Olhando de maneira ampla, projetos em conformidade com o conceito de biofilia parecem ser sempre mais sustentáveis. Entretanto, tal pensamento muitas vezes não é verdadeiro. Imagine um escritório com amplas janelas que promovem a entrada da iluminação natural. Além da luz do sol, esses vãos também permitirão que o calor avance para os ambientes internos — sendo necessário o uso de sistema de ar-condicionado para tornar os espaços agradáveis (elevando o consumo de energia e indo contra os princípios da construção ecologicamente mais correta).

Outro ponto de destaque é que se a introdução de elementos naturais não for feita de maneira cuidadosa, tal ação pode ter impacto negativo na biodiversidade local.
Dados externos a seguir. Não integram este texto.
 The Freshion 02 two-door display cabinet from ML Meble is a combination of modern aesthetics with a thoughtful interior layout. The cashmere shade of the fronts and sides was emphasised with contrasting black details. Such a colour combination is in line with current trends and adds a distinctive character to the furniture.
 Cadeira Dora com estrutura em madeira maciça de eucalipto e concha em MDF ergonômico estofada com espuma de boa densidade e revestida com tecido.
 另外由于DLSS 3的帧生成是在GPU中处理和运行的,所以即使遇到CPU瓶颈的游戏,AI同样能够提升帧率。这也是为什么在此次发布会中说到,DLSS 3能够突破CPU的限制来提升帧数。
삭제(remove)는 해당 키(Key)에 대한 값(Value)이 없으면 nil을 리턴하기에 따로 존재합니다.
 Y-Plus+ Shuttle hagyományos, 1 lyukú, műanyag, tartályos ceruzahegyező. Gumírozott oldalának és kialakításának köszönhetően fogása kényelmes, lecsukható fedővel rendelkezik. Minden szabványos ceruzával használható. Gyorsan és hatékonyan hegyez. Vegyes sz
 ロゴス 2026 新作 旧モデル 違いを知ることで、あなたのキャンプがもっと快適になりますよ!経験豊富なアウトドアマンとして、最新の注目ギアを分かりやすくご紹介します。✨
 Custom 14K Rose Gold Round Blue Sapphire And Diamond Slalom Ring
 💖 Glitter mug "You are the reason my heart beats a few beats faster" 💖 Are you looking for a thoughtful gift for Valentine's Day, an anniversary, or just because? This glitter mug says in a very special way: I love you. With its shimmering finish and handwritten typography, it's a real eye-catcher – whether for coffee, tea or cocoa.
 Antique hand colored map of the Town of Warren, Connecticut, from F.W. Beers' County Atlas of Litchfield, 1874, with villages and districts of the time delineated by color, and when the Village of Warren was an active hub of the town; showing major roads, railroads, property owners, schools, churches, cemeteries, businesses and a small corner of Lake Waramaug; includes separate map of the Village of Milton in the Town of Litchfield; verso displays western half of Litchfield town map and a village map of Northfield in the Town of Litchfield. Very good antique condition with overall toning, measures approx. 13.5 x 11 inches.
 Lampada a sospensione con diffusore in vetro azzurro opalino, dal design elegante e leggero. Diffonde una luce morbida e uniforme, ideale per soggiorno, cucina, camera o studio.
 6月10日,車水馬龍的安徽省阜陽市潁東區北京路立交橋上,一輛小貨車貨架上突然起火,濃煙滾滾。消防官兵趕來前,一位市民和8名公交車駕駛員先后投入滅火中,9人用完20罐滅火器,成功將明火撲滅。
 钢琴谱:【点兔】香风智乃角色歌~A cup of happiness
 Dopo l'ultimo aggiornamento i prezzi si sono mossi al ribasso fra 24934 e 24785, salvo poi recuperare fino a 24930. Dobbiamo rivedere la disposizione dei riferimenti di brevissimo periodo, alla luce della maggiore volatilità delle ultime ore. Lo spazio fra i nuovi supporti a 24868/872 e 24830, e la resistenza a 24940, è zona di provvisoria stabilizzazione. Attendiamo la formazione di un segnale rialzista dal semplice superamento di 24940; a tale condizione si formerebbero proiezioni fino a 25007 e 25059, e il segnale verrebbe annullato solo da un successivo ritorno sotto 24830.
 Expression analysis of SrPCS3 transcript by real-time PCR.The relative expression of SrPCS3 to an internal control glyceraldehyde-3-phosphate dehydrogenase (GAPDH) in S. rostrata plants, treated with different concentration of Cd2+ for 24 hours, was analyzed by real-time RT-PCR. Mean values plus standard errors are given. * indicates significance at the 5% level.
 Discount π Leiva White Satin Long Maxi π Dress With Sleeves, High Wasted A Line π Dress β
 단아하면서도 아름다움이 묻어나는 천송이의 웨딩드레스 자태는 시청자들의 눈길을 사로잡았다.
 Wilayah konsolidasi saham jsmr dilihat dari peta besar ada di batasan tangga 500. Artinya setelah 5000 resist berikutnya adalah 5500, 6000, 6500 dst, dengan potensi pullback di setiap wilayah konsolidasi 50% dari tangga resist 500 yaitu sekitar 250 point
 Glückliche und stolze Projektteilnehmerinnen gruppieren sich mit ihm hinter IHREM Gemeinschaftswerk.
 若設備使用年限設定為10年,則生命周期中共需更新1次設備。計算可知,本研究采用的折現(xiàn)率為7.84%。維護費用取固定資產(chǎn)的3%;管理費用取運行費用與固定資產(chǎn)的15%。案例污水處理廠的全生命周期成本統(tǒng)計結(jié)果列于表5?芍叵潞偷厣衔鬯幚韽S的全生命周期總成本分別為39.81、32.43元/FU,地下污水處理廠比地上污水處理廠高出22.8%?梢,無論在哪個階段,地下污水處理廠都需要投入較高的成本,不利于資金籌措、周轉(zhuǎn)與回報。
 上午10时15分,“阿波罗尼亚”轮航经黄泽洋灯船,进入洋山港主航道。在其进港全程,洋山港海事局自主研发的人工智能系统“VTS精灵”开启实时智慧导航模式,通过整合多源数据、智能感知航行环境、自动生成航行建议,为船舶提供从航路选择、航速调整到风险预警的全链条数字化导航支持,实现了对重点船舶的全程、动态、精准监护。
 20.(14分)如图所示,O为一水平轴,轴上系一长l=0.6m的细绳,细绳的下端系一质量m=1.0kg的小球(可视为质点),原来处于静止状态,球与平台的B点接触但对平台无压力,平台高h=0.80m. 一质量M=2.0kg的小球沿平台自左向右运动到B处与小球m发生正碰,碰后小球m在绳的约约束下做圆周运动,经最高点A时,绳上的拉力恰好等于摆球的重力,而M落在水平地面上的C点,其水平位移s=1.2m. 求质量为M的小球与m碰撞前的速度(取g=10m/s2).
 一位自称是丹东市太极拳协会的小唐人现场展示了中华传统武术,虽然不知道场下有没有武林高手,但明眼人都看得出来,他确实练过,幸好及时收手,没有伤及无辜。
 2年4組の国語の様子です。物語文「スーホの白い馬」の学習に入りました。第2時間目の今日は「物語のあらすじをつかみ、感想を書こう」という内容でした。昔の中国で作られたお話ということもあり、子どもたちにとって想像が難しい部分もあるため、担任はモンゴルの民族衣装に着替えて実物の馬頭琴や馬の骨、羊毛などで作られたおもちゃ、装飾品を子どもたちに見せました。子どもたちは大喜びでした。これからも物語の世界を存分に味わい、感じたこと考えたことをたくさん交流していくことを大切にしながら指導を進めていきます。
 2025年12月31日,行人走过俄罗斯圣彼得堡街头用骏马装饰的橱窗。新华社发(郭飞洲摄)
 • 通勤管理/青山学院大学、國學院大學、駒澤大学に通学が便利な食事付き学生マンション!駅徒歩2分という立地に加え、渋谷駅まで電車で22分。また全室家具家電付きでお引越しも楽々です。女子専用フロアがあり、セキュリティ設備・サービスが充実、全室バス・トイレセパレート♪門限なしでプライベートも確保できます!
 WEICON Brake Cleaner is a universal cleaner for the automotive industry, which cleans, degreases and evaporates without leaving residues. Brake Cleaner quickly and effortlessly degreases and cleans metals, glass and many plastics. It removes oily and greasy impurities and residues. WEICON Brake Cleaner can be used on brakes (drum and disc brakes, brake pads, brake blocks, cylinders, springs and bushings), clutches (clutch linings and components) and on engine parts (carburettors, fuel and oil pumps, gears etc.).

A utilização inadequada de plantas ou a remoção de habitats naturais prejudicam ecossistemas. E mais: se as espécies escolhidas não se adaptarem bem ao ambiente, podem demandar cuidados extras que envolvem o uso excessivo de água, fertilizantes ou pesticidas para mantê-las saudáveis.

Também existe o fato de que alguns materiais naturais não têm bom comportamento em relação à temperatura. É o caso das pedras que apresentam elevada condutividade térmica e prejudicam o conforto do ambiente quando empregadas sem os devidos critérios técnicos.

Vale lembrar, ainda, que a sustentabilidade não envolve apenas aspectos ambientais, mas também os pilares social e econômico. Se um projeto biofílico não levar em conta o bem-estar das comunidades locais ou a acessibilidade para todos, não será verdadeiramente sustentável.

Ou seja, é importante reconhecer que a incorporação de elementos naturais nem sempre garante automaticamente a sustentabilidade total do projeto. Para que a obra seja verdadeiramente “verde”, é crucial adotar uma abordagem holística que leve em consideração não apenas a estética e a conexão com a natureza, mas também as práticas construtivas, a correta escolha de materiais, a eficiência energética e os impactos sociais e ambientais. Sendo que a integração desses aspectos deve estar presente desde o início da concepção do projeto.